You know what happens when your parents fight all the time and you’re left in charge of your younger sibling? You know what happens when you’re surrounded by hate and anger ALL THE TIME? You end up fighting with your sibling until you damn near kill each other. (Seriously, it was near death twice.) Eventually in high school, my brother and I stopped trying to kill each other and became very good friends. That was due to the loss of our stepbrother though. Story for another time.
Straight out of high school, I then proceeded to get involved with someone who I later found out was sexually abused as a child and as a result of that and my own inexperience, I let him do a lot of shit to me I shouldn’t have. He later became violent and physically abusive. We fought a lot and towards the end, those fights ended with me all bruised up. I took a 5 year break after that guy and then got involved with someone I later found out was emotionally abusive! Our fights only happened in the beginning of the relationship because I found out that if I dared to fight back, he would just leave and shut me out for anywhere from 1 to 3 weeks. He’d randomly vanish on me and go into lockdown mode for up to a month too if things got too tough. So essentially, I got involved with two abusive men for a combined total of 5 years and both of these men made fighting something I never ever wanted.
Now I’m with someone who loves to argue. To say that this is an adjustment phase with Dean is an understatement.
He loves to start fights, get his anger out, and move on. I fucking HATE fighting. I’m always afraid that one bad fight too many will result in the man leaving me. Why wouldn’t I have that fear???? Look at my parents! Look at my last two relationships! I don’t want it in my life anymore. I want to walk away from it. I will hold my tongue and be 100% silent if it means avoiding an argument.
A fighter and a non-fighter. This is not a working system.
The first couple fights with Dean were admittedly my fault. I have a lot to learn about being with a
normal above average man who wants to know every detail, doesn’t want me to be vague, has issues of his own, and wants to grow together. It’s just that his method of getting to the change is to fight over it and my method is to talk it out. Guess who’s way ends up happening?
But the thing is, after these fights, I’ve changed my ways. That is not something he ever anticipated either.

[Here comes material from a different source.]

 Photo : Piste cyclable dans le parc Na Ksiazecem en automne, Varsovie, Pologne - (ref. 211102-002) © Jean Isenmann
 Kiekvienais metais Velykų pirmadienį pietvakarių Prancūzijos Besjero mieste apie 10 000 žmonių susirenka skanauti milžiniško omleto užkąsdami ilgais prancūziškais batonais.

He never thought he’d be with a woman who could admit she was wrong and not only that, fix the things that made her wrong. He wasn’t asking for much, just an alternate way of speaking to him and making sure I was totally open with him. So once the confusion was over and the crying and yelling was over with, understand occurred and things changed. This is what every woman dreams of! This is the holy grail of relationships! Have a problem and resolve it! Who knew?!

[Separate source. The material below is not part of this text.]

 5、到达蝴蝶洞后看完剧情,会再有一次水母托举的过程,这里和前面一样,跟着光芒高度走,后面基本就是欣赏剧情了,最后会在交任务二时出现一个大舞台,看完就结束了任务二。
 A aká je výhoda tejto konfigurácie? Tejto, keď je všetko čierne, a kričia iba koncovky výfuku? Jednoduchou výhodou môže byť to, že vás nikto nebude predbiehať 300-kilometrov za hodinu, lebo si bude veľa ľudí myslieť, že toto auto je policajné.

I’ve started to appreciate the fighting between us for it’s true purpose of movement and growth. I don’t love it though. Especially now that I know what levels he’ll stoop to in order to win and argument even when he’s 100% wrong and *I* was the one who had the issue and he was totally in the doghouse. Don’t get me wrong… he’s been utterly amazing to me and he’s held his head up high when I’ve been a basket of hormonal rage or crippling sadness. He’s been there to hold an ice pack on the back of my neck while I sit on the toilet delirious with a fever. It was just one stupid misunderstanding that lead to another fight that lead to a weekend apart. He took that low road and it bit him in the ass because in the long run, something he said caused me to think too much and change my entire attitude. He scared the fuck out of me and that fear germinated into something else he wasn’t prepared for. Now he’s stuck with having to make a big decision. (And I WILL address this in another entry.)
In the end, we always end up talking things out, making changes, and helping each other understand what happened so we don’t do it again. In the end, I know he won’t just leave. I know this is all healthy and normal. I know I’m the one who has to make the changes internally to get past my fears. It’s just not easy and it takes a little trial and error to get through it.